| name | english-pdf-paper-translation |
| description | Translate English academic PDF papers into faithful Chinese TeX/PDF outputs, especially arXiv papers with downloadable source. Use when Codex is asked to download, archive, translate, recreate, or compile Chinese versions of English research papers from arXiv, PMLR, OpenReview, conference PDFs, supplementary PDFs, or local PDF files, with emphasis on preserving the original paper structure rather than summarizing or rewriting. |
English PDF Paper Translation
Use this skill to turn an English research paper into a faithful Chinese TeX/PDF artifact. Default to complete, structure-preserving translation when the user says "原封不动", "完整翻译", "中文版本 tex", or confirms a paper URL for translation. Do not make a reading summary, technical interpretation, or shortened rewrite unless explicitly requested.
Core Rules
- Preserve the paper's visible structure: title, authors, abstract, sections, subsections, equations, figures, tables, captions, footnotes, acknowledgements, appendices, references, and special statements such as LLM-use notes.

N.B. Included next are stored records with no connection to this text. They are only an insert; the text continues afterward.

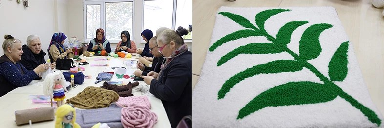 Zekra Gülsaran da, “Emekli mali müşavirim, uzun zaman özel sektörde çalıştım, o zamanlar bu tarz kurslara çok özeniyordum. Emekli olunca hemen yazıldım. Burası psikolojik olarak birer terapi merkezi. Burada el becerilerimizin farkına varıyoruz. Geri dönüşümle ilgili ürünler yapmak hoşuma gidiyor. Şu anda yaptığım birçok ürün geri dönüşümden oluşmakta. Bize bu imkânı sunan Kocaeli Büyükşehir Belediyesine çok teşekkür ediyorum” sözleriyle duygularını aktardı.TUFTİNG NEDİR?
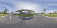 A modern skate park in Suzhou, China, with futuristic architecture and a clear sky. The panoramic view captures the vibrant city life and the unique design of the park. Umbrellas provide shade for spectators.
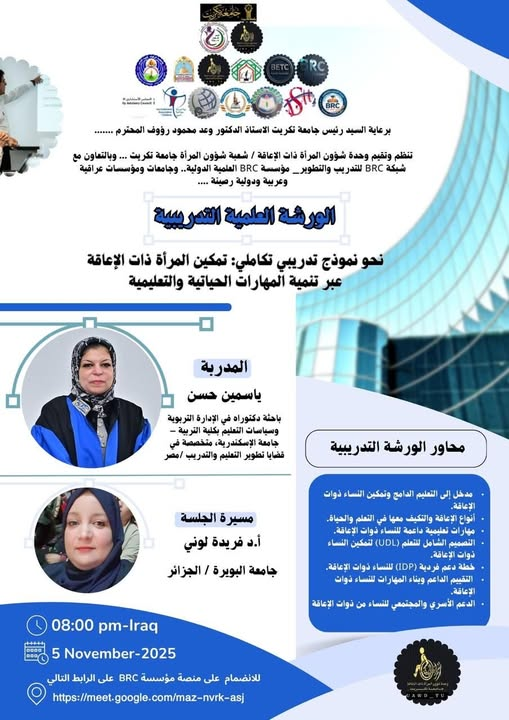 الورشة العلمية التدريبية : “نحو نموذج تدريبي تكاملي: تمكين المرأة ذات الإعاقة عبر تنمية المهارات الحياتية والتعليمية”…
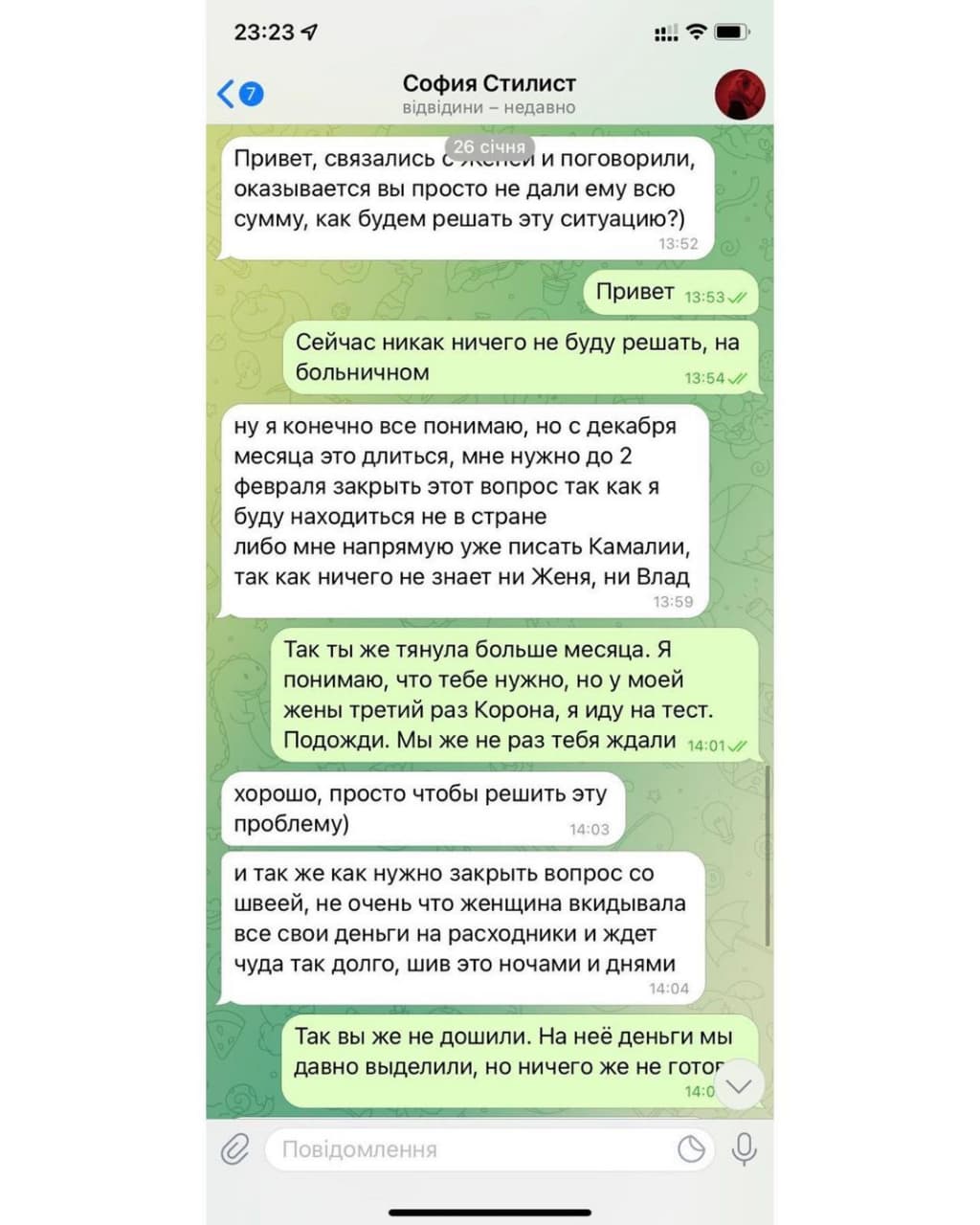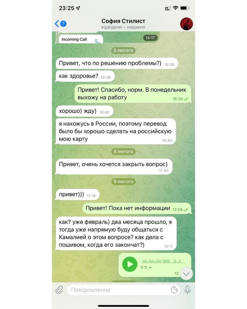 Стилист София Неведомая недавно обвинила украинскую певицу Камалию в том, что она уже три месяца не выплачивает ей гонорар за проделанную работу. По словам девушки, из обещанных 400 долларов она получила только 200.
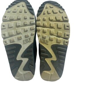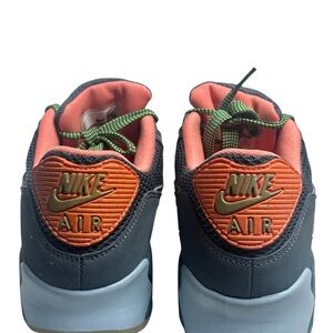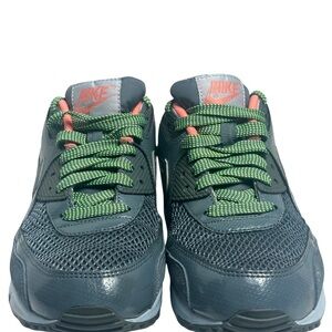 Nike Air Max sneakers with a dark gray body and coral accents. Features green laces for a pop of color. Ideal for everyday wear.
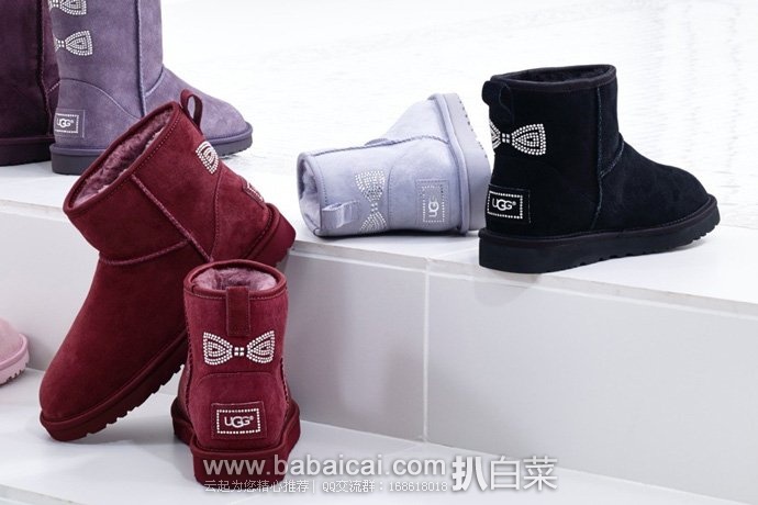 说起UGG Australia应该不用多说,简直是雪地靴的代名词了,其产品有弹性好、穿着舒适、保暖性好、易保养等出色特点。已经成为冬季最受欢迎的鞋履,被众多好莱坞明星所追捧!这款鞋子经典款型,后帮水钻拼成蝴蝶结,采用柔软的羊皮,内里纯正羊羔毛,不仅保暖而且真皮材质自然吸潮,保持脚部干爽舒适。轻质EVA材质鞋底轻便防滑。筒高12.7CM 筒围25.4CM。
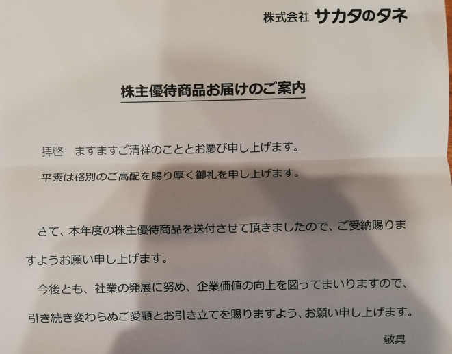 2021年8月にサカタのタネから優待カタログが到着しました。

- Translate prose, headings, captions, table notes, and visible explanatory text into Chinese. Preserve math, labels, citation keys, code listings, URLs, bibliographic facts, figure filenames, and experimental identifiers unless translation is clearly required for visible text.
- Never silently invent official TeX source. Record source availability and translation boundary in
source/metadata.md.
- Prefer official source first. For arXiv, always try PDF + abs page + e-print source before falling back to PDF reconstruction.
- Keep output modular:
resources/, source/, and tex-zh-cn/; keep main.tex small and split long content into sections/.
- Compile and verify the Chinese PDF before finishing. Report any residual warnings that matter.
Workflow
- Confirm scope only when ambiguous. If the user already confirmed "YES" to translation, proceed.
- Inspect the target repository conventions before writing files. In this repo, read
docs/architecture/repository-structure.md before changes and update it plus docs/dev_logs/ after changes.
- Create a leaf module under the requested destination. Use a stable slug such as
arxiv_<id>_<short_title>/, pmlr_<volume>_<id>_<short_title>/, or openreview_<id>_<short_title>/.
- Acquire and archive resources:
- arXiv: download
https://arxiv.org/pdf/<id>, https://arxiv.org/abs/<id>, and https://arxiv.org/e-print/<id> when available.
- Other venues: archive the landing page, main PDF, supplementary PDF, metadata JSON, and software links when exposed.
- Follow the relevant detailed workflow:
- For arXiv papers or papers with official source, read
references/arxiv-source-workflow.md.
- For PDF-only papers, read
references/pdf-only-workflow.md.
- Write
source/metadata.md with paper metadata, URLs, local resources, source availability, and translation boundary.
- Build
tex-zh-cn/ with main.tex, preamble.tex, optional sections/, and assets/.
- Compile with
latexmk -xelatex -interaction=nonstopmode -halt-on-error main.tex.
- Verify with
pdfinfo, pdftotext, and log inspection. Check that the generated PDF includes the expected title, abstract, section order, figures/tables, appendices, and references.
- If operating in a repo with architecture/dev-log policy, update those docs immediately after the translation artifacts are created.
Failure Handling
- If official TeX source is unavailable, explicitly say so in
metadata.md and reconstruct from the PDF text layer and extracted or cropped figures.
- If extraction corrupts math, tables, references, or line ordering, use the rendered PDF as the visual authority and manually correct the TeX.
- If asked to delete, restart, roll back, or overwrite an existing attempt, create a backup first in
.agents/cache/<task_name>/.
- If compilation cannot be made clean, still leave the TeX in the best state possible and report the exact blocker, command, and log symptom.